In the workplace, ergonomics are applied to design work equipment, tasks, and work for the organization. Occupational ergonomics is often referred to as an integral part of occupational health and safety [7]. Lee et al. [8] found that the anthropometric dimensions of the elderly are different from the adult and adolescent groups. This result is consistent with a previous study by Mohammad [9]. He concluded that daily life tools or equipment and facilities should be designed separately to fit between gender and age population groups. In addition, working in the agriculture sector requires various agricultural tools in order to work, especially in rural areas. Mokhtarinia et al. [10] mentioned that anthropometric data should be considered for each major population age category, specifically because of the dimension changes occurring during ageing. In elderly persons, the physical activities and their capabilities become limited. Most agricultural tools and machines in Thailand are imported from foreign countries. When buying from manufacturers, farmers need to modify or produce farming tools, such as a shovel or spade shovel. There is strong evidence demonstrating that the anthropometry dimensions of the population in different countries and regions are different [8,11,12,13,14]. Although many anthropometric investigations have been conducted to improve the design of products/environments for different users, further research seems necessary, particularly for particular groups, such as children, the elderly, and people with disabilities [15]. Ergonomics is an essential and integral element of occupational health practice. Workers need to be placed and maintaining in an occupational environment adapted to their physical and mental needs [7].
For this reason, anthropometry is essential for designing safe products, farm tools, and agricultural work stations that deal with body measurements, particularly those of size, shape, and body composition.

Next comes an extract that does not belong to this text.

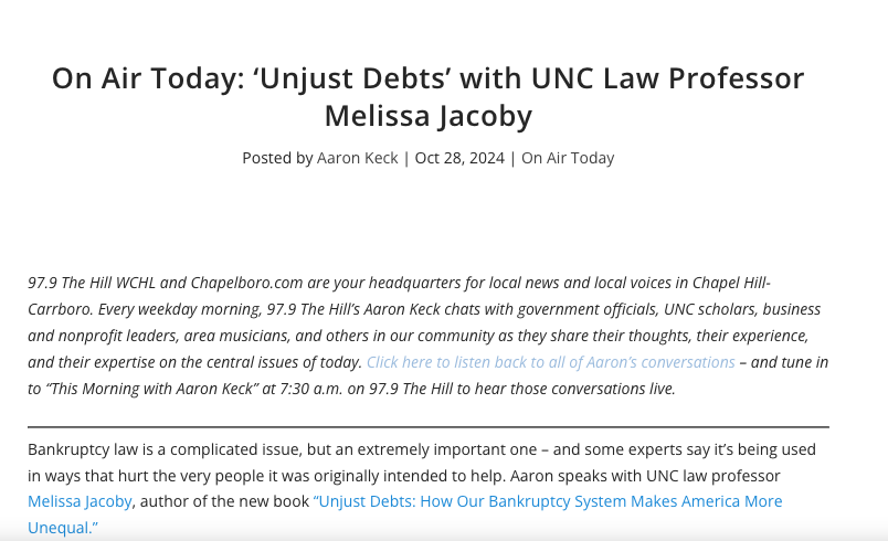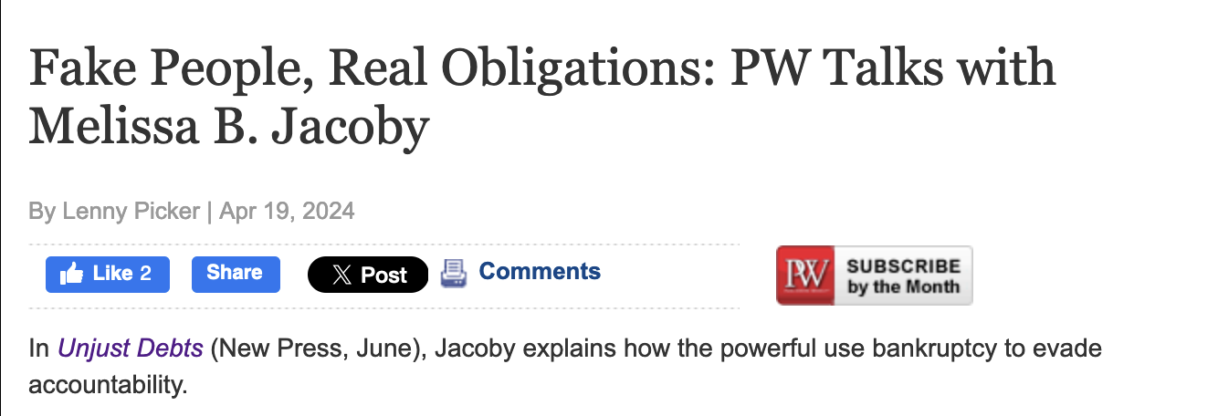 “Bankruptcy – which touches millions of Americans – is supposed to be society’s safety valve for hard times. Instead, Unjust Debts exposes how our unjust system simply exacerbates the problems it was created to fix. With wit and wisdom, Melissa Jacoby offers a master class in this vitally-important and deeply-flawed corner of our legal system.”

Therefore, this study aims to provide anthropometric data for ergonomically designed tools impacting elderly farmers. The anthropometric data from this study can be applied not only for design in agriculture sectors, but also for developing a safe, friendly living environment and updating the body dimensions for the elderly in Thailand.

2. Materials and Methods

2.1. Study Participants

This cross-sectional study collected data from 506 agricultural workers aged 60 years who were registered as farmers. They resided in nine sub-districts in the Nong Suea District, Pathum Thani Province, Thailand. When the data collection was completed, the sample consisted of 481 older farmers, which involved 95% of the total population. Twenty-five participants were dropped from the study for not meeting the inclusion criteria. A convenience sampling method was used to select participants. The participants were selected according to their availability and willingness to participate, without payment or reward. Every participant was informed of the purpose of the study before taking their measurements. Similarly, the details of the procedure were explained to them. All participants were barefoot and wore light clothing during the measurements. Each participant was in good health. Those with any musculoskeletal disorders and a history of movement disorders were excluded from the study. Informed consent was obtained from all participants taking part in the study, which the Ethics Review Sub-Committee approved for Research Involving Human Research Subjects of Thammasat University, no. 3 (101/2560).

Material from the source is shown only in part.